February 18, 2010

What in the hell is Donna Brazile smoking? When asked about George W. Bush being unwilling, like his former Veep Cheney, to attack President Obama, Brazile says he's trying to be an "elder statesman" and put partisanship aside. Well Donna, that's just mighty kind of him not to say too much about the guy left to clean up his mess after he took a wrecking ball to the joint, but "statesman" is about the last word I ever think of when I hear George W. Bush's name.

BLITZER: Let's let to our "strategy session." Joining us now our two CNN political contributors, Donna Brazile the Democratic strategist and Mary Matalin, the Republican strategist. Guys, thanks very much for coming in.

Mary, I'll start with you, talk about your former boss, the former president of the United States, George W. Bush. He was in Naples, Florida, giving a speech, together with his brother, the former governor, Jeb Bush. One of the reporters who covered it wrote this, "George W. Bush said more competitive congressional districts are needed so that politicians have to work harder on their campaigns. That, he said, could help diminish the partisanship as political leaders would be forced to focus more on the issues. He said those who call names shouldn't be elected." All right. So when I read that report, it sounded to me, tell me if I'm going too far, it sounds like he's being critical of the tea partiers.

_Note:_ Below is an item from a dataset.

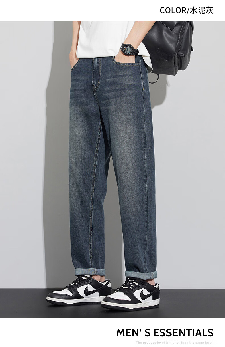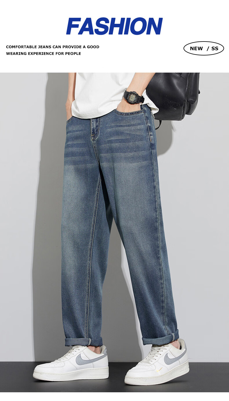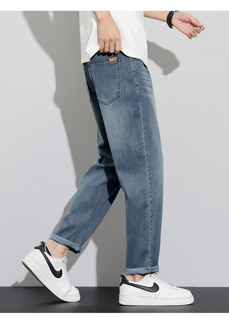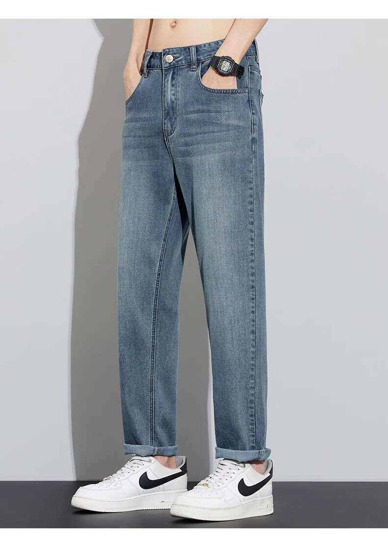 真维斯天丝牛仔裤男士2026新款潮牌夏季薄款宽松直筒弹力锥形休闲长裤子 6873复古蓝 28 建议80-90斤

MARY MATALIN: I didn't read it that way at all. There's been a long discussion about redistricting creating untouchable seats, where there's no competition of ideas and it produces Congress people who can walk their party off the edge, like Nancy Pelosi. No one can touch her seat. I took it as part of that discussion. When I think of name-calling, and I'm sure what George W. Bush thinks of when he thinks of name-calling is being called a Nazi or liar or a warmonger, or names that were thrown at him for policies that have been continued by the Obama administration. I know Donna and I agree on this, name-calling is a far different kind of politics than partisanship. There's nothing wrong with being partisan. There's something wrong with vile, personal attacks.

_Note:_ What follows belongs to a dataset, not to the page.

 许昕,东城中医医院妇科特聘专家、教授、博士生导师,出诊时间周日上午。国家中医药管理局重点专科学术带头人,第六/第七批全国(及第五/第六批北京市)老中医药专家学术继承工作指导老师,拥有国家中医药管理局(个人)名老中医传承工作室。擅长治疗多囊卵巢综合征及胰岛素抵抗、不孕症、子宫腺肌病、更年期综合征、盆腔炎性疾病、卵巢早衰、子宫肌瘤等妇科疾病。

BLITZER: Which is a fair point. Mary, he also refused to be critical of the Obama administration. It's now more than a year since the president took office. Unlike the former vice president, Dick Cheney, President George W. Bush is still holding back. I guess he thinks it's inappropriate at this point for a former president to be critical of the current president. I guess you think that's the right thing to do, right? Let me ask that of Donna.


DONNA BRAZILE: Well, let me just say this. The think the former president is clearly trying to walk a fine line and demonstrate that he is ready to move beyond the politics of personal destruction, and to become an elder statesman. We need more elder statesmen, more former political leaders willing to use their time and talent to help lead the way to a better future for all of us. I also think that beyond trying to eliminate all of this hyper- partisanship, we need to overhaul our campaign finance system. I didn't get a chance to watch the smackdown between Joe Biden and Dick Cheney. I heard it was an interesting match, but I was more interested in watching Drew Brees.